The Financial Select Sector SPDR (NYSE: XLF) has rallied over 40% from its low on March 6 through to yesterday’s higher opening. The price action this week has triggered a half-day buy signal, which means that it should make at least a three-wave move to the upside. This week’s movement is Part 1 of the Elliott Wave Theory.
When the Wave 2 pullback begins, it should trade below its recent high for nine trading hours or more before Wave 3 takes it up to new recovery highs. The daily chart is also set up to give buy signals, but that could not occur until Monday at the earliest.
The 50-day moving average happens to coincide with the top of a trading channel drawn from a high point last September. Both these technical tools currently show the $9.05 area as a significant level.
If XLF undergoes a decent pullback, short-term traders could try the long side with an upside target of $8.60 or better.
However, if the stock can manage to close above the $9.05 level a couple of times, there’s a good chance that the daily chart will trigger buy signals and we could see additional movement to the upside.
The vital signs for the financial markets continue to improve. The latest indicators include the number of successful public stock offerings floated by financial institutions, the uptick in home sales, and reported profits by some of the largest banks. .

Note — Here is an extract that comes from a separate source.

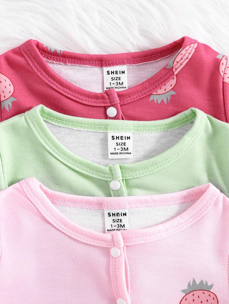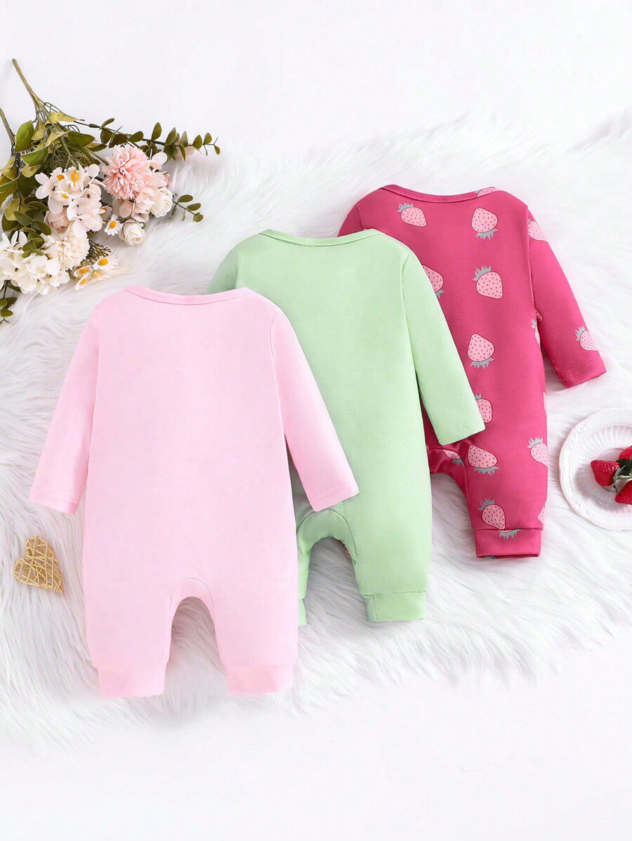 / 3pcs Baby Girls’ Comfortable Cute Pink Strawberry Pattern Romper Set

Morgan Stanley ($2.2 billion), JPMorgan ($5 billion), and American Express ($500 million) all have common stock offerings on the street. This year we will see more new stock offerings from financial institutions than in the past 5 years combined. Just six months ago these same financial institutions could not have raised this amount of capital because fear gripped the market place and investors would not have taken on the new shares. The recent success of these offerings points to a significant upswing in investor confidence.
The second indicator of improved health is the very recent uptick in home sales. The National Association of Realtors reported today (June 2) that its seasonally adjusted index of sales contracts signed in April rose 6.7 percent to 90.3. This is the largest single month increase in 8 years. Knowing that faulty home loans were the driving force behind the financial crisis, a turn-around in the home loan market is vital to a recovery in the financial markets.
The FDIC reported on May 27 that the nation’s largest 19 banks, the target of the stress tests, earned a combined first-quarter profit of $7.6 billion, compared with a loss of $36.9 billion in the fourth quarter of 2008.
Of course the patient is not entirely back to “good health” even though vital signs are improving. The FDIC reported that 21 banks failed in the first quarter, the highest number since 1992's fourth quarter. It also said that the number of "problem banks" rose to 305 from 252 a year ago. We are seeing a divergence between good banks and bad banks. The amazing thing is that many of the banks that would have made the “bad” list just 5 months ago are now showing signs of vibrant health. Some analysts speculated that the nationalization of Bank of America and Citi Group was the only way to save them; now it appears that free enterprise system is able to do what the critics thought impossible without a government takeover.
I like the XLF for a trade here ... the index is leading the overall market - SPX:XLF ratio spiked and turned lower today which is a sign that the XLF is increasing at a greater rate than the S&P 500. I also like the relative strength index - no longer oversold. The reversal came on higher volume than the previous day, which is a bullish sign.